From our Fund Manager’s Desk
We regularly explore the investment rationale of one of the companies we own in the Fund to articulate what we find compelling. This time round we have chosen Boston Scientific.
Rather like investing, maintaining a sustainable edge in medical innovation requires staying within your realm of expertise whilst maintaining a diversified portfolio of attractive opportunities. Boston Scientific has transformed itself into one of the best proponents of this strategy within the MedTech industry. We elaborate why we hold the shares.
Boston Scientific develops and sells global medical devices. It is well regarded in the industry for its long-held cardiovascular franchise, which includes pacemakers, defibrillators and stents. These legacy products are still growing steadily in demand but the pace is limited given competition from the likes of Medtronic and Abbott. Ongoing innovation has helped. For example, Boston Scientific’s Resonate™ family of implantable defibrillators and Eluvia™ drug-eluting stents to keep arteries unblocked has helped to bolster growth in its cardiovascular franchise. However, the nub of the investment case is the company’s diversification into adjacent fields of expertise. Through a mixture of in-house innovations and bolt-on acquisitions, Boston Scientific has branched out into faster growing areas, such as neuromodulation and endoscopy.
Within neuromodulation Boston Scientific provides spinal cord and deep brain stimulator systems used for the management of chronic pain and the treatment of Parkinson’s disease respectively. The company’s Spectra WaveWriter™ Spinal cord stimulator system is a drug-free treatment that can mask pain messages travelling to the brain by sending electrical impulses to the spinal cord that can vary with frequency, pulse width and amplitude.
Patients are also able to provide real-time feedback, using a remote control which is designed to enable adjustments because everyone experiences pain differently and pain changes over time. One in five adults in Europe are affected by chronic pain and therefore this innovative treatment can help to reduce the growing dependence on opioid drugs by high-risk users.
Another exciting growth opportunity is endoscopy. This is a procedure where the inside of your body is examined using an endoscope, which is a long thin flexible tube with a light source and camera at one end. The worldwide endoscopy devices market is expected to grow over +6% annually and exceed $35bn by 2022. A driver has been the consistent increase in the incidence of cancer, gastrointestinal diseases and other chronic diseases, which can be attributed to the ageing population, growing incidence of obesity and lifestyle related factors. Additionally, the improvement in visualisation and diagnostic technology, accompanied by higher awareness of advantages among medical professionals, is driving the demand. The market is dominated by flexible endoscopes, of which Boston Scientific has several products in this category.
Boston Scientific’s diversification strategy is starting to pay dividends. Revenue is projected to grow +8% to +10% per annum, an acceleration from several years ago due to management’s decision, led by chief executive Mike Mahoney, to undertake this transformative shift in the business mix to higher growth devices categories. As a result, the revenue mix to the flattish growing (0% to +3% per annum) pacemakers, defibrillators and stents businesses declined from 40% of group revenue in 2013 to 30% in 2018, and management are targeting 20% by 2021. The flipside is an increase in the revenue mix in high (greater than +10% per annum) and moderate (+4% to +9% per annum) growth markets to 80% by 2021.

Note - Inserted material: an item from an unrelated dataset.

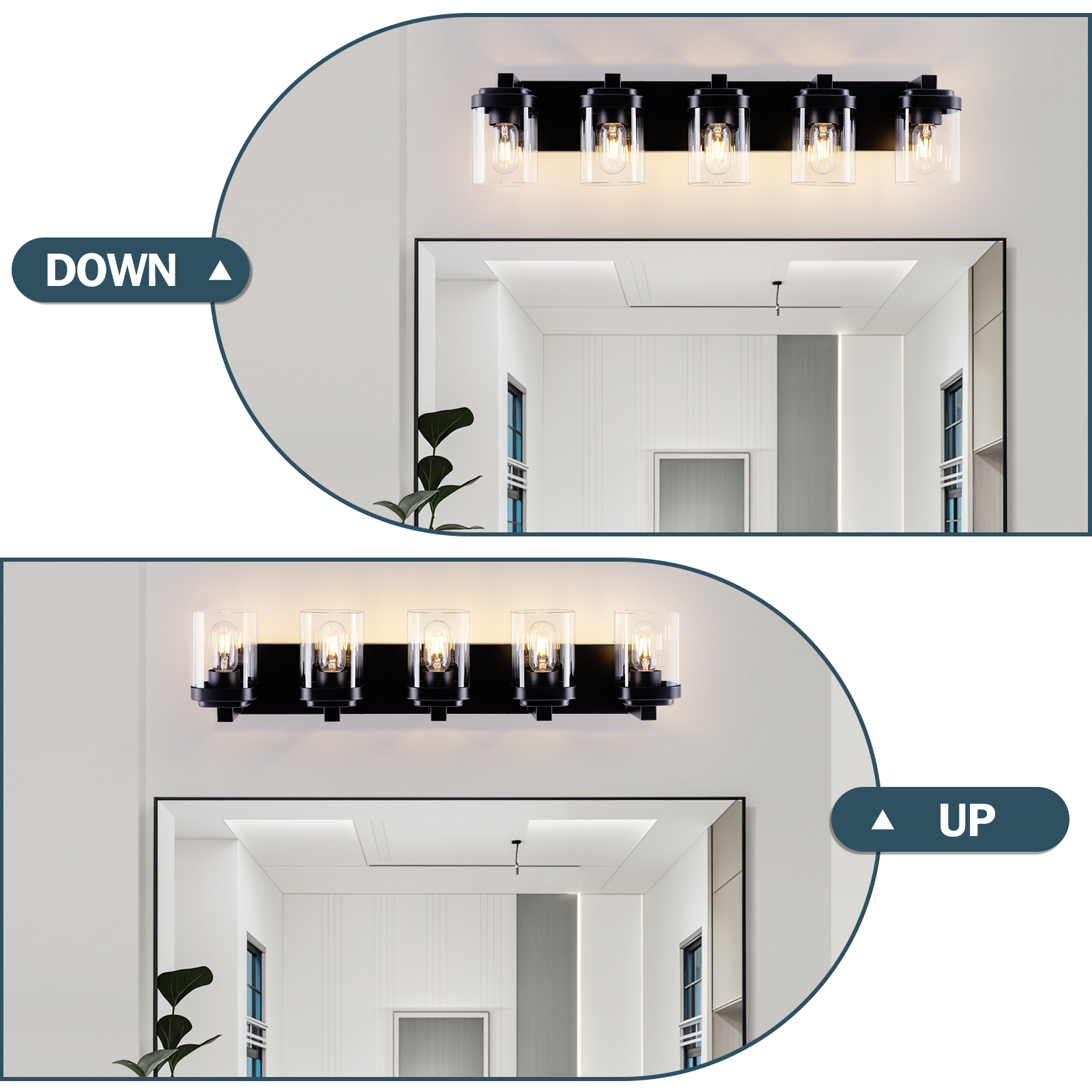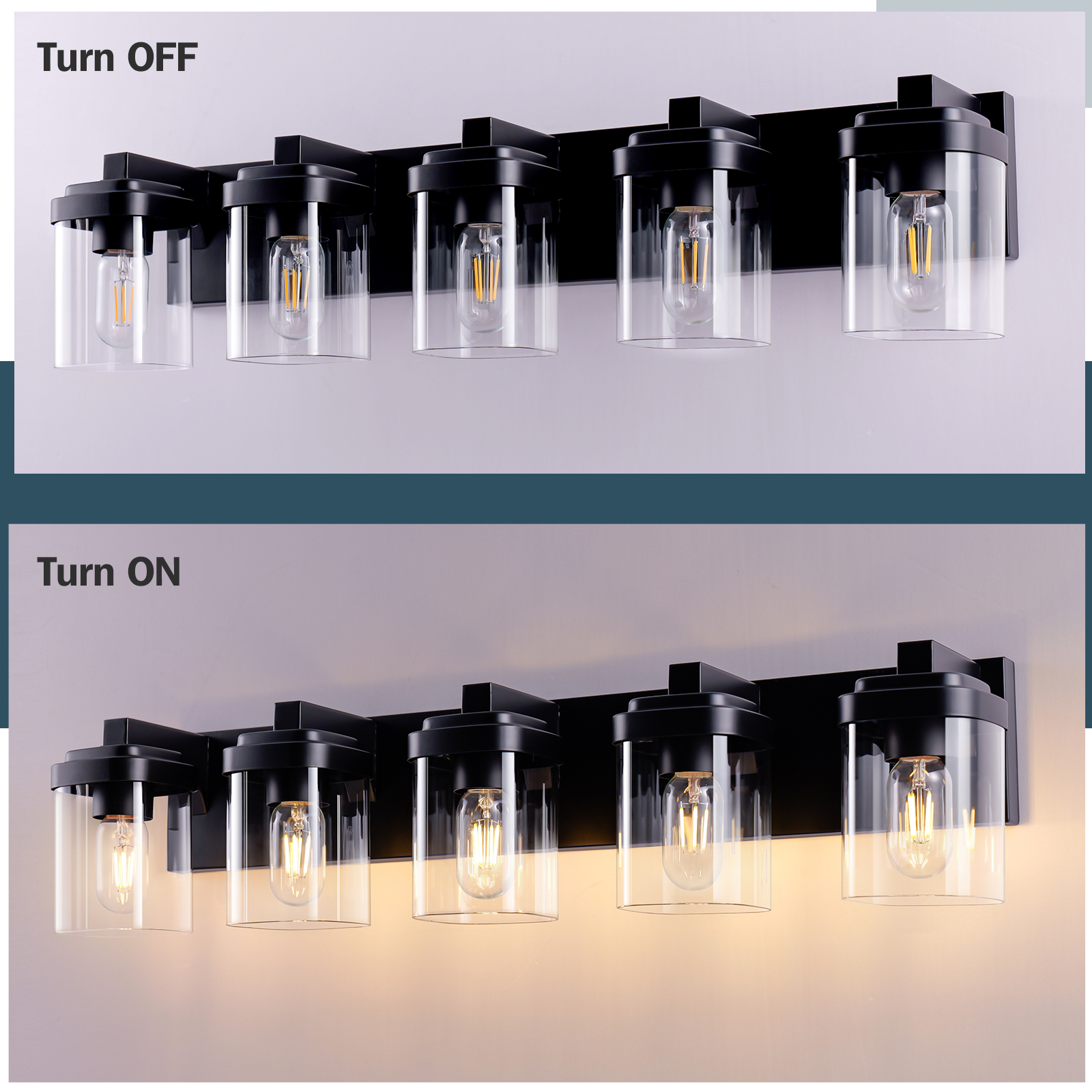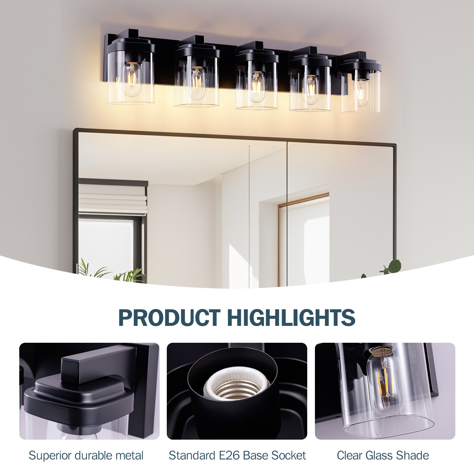 NEOSGO 5 Light Bathroom Vanity Light, Matte Black Bathroom Light Fixtures with Clear Glass Shade, Vanity Light Fixtures Over Mirror for Bedroom Living Room(NO BULBS) is designed to improve daily bathroom routines with a clearer mirror area and more useful lighting around the vanity space. The product presentation suggests a modern wall-mounted mirror intended for grooming, makeup, skincare, shaving, and other tasks that benefit from more even front-facing light. It works especially well in bathrooms, powder rooms, and remodeled vanity areas where customers want the mirror to provide both practical function and a cleaner visual upgrade. This type of mirror is a strong fit for shoppers looking to make the room feel brighter, more modern, and easier to use every day. Overall size is approximately 34.3 x 10.2 x 8.5 inches with a listed weight of 9.7. The current listing includes 7 product images, which help clarify the product shape, proportions, and visual placement in a real room setting.

In addition, Boston Scientific has a track record of driving operating profit margin expansion since 2012 through productivity improvements and cost savings. The company expects operating margins to exceed 30% over the long term from about 26% today. The combination of accelerating revenue growth and expanding profit margins is expected to drive +12% to +15% per annum earnings growth over the medium term. A strong platform to deliver compound investment returns to shareholders. The shares are valued approximately in line with the medical devices sector, although a premium is warranted given the potential to deliver earnings per share growth above their peer group.
In summary, an investment in Boston Scientific directly benefits from the increasing demand for healthcare as populations age and from rising patients’ expectations for high quality care. Unlike prescription drugs, where pricing will likely remain a political football during and beyond the Presidential election campaigns, MedTech is viewed favourably as “part of the solution” to improve healthcare outcomes and lower medical costs. Boston Scientific’s ongoing strategy of targeting a spread of high growth speciality niches ensures it retains leadership at the cutting edge of innovative therapies. Focused diversification makes sense in MedTech as well as in global equity fund management.